Cartesian Product of n-sets in C

Question

I am writing a C program that should print the Cartesian product of n sets, where the elements of each set are the line of text in one file, and the names of the n files are passed as command-line arguments. So far I managed to read every line into matrix of strings. However I cannot wrap my head around how to write the algorithm for printing the product.

Here is what I have so far:

#include <stdio.h>
#include <string.h>
#include <stdlib.h>
#define LSIZ 128
#define RSIZ 10
int main(int argc, char *argv[])
{
    char input[LSIZ];
    int n = argc;
    char *sets[argc - 1][RSIZ];
    int i = 0;
    int j = 0;
    int y = 1;
    FILE *file = NULL;
    if (argc == 1)
    {
        printf("nofiles");
    }
    else
    {
        while (--argc > 0)
        {
            if ((file = fopen(argv[y], "r")) == NULL)
            {
                printf("cat: failed to open %s\n", *argv);
                return 1;
            }
            else
            {

                for (j = 0; j < RSIZ && fgets(input, sizeof(input), file); ++j)
                {
                    int lineLen = strlen(input) + 1;
                    sets[i][j] = strncpy(malloc(lineLen), input, lineLen);
                }

                fclose(file);
                j = 0;
            }
            i++;
            y++;
        }
    }
    return 0;
 }

Answer 1

You can implement Cartesian products with an odometer-like counter:

• Set all current items to the first items in each list.
• Process the current state, e.g. print it.
• Advance the first list. If you reach the end, reset the state to the beginning of that list and advance the next list and so on.
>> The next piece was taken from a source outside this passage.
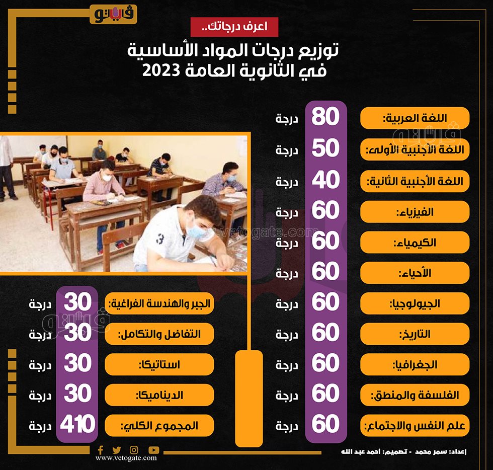 وفيما يلي توزيع درجات مواد الثانوية العامة 2023:

If you reach the end of the last list, you are done.

So assuming that you have read the information from the files into NULL terminated lists of strings, you could do the following:

#include <stdlib.h>
#include <stdio.h>
#include <stdbool.h>

int main(int argc, char *argv[])
{
    const char *adj1[] = {"little", "big", "huge", NULL};
    const char *adj2[] = {"red", "yellow", "grey", "orange", NULL};
    const char *noun[] = {"house", "car", NULL};
    
    const char **list[3] = {adj1, adj2, noun};
    const char **curr[3];
    
    unsigned n = sizeof(list) / sizeof(*list);
    unsigned count = 0;
    bool done = false;
    
    for (unsigned i = 0; i < n; i++) {
        curr[i] = list[i];
    }
    
    while (!done) {
        unsigned i = 0;

        printf("%s %s %s\n", *curr[0], *curr[1], *curr[2]);
        count++;

        curr[i]++;

        while (*curr[i] == NULL) {
            curr[i] = list[i];      // back to beginning
            i++;                    // move to next list
            
            if (i == n) {           // stop when the last list is exhausted
                done = true;
                break;
            }

            curr[i]++;              // ... and increment that
        }      
    }
    
    printf("%u combinations.\n", count);

    return 0;
}

This approach is not limited to three lists. (If you know exactly how many lists you have, you could use nested loops, of course.)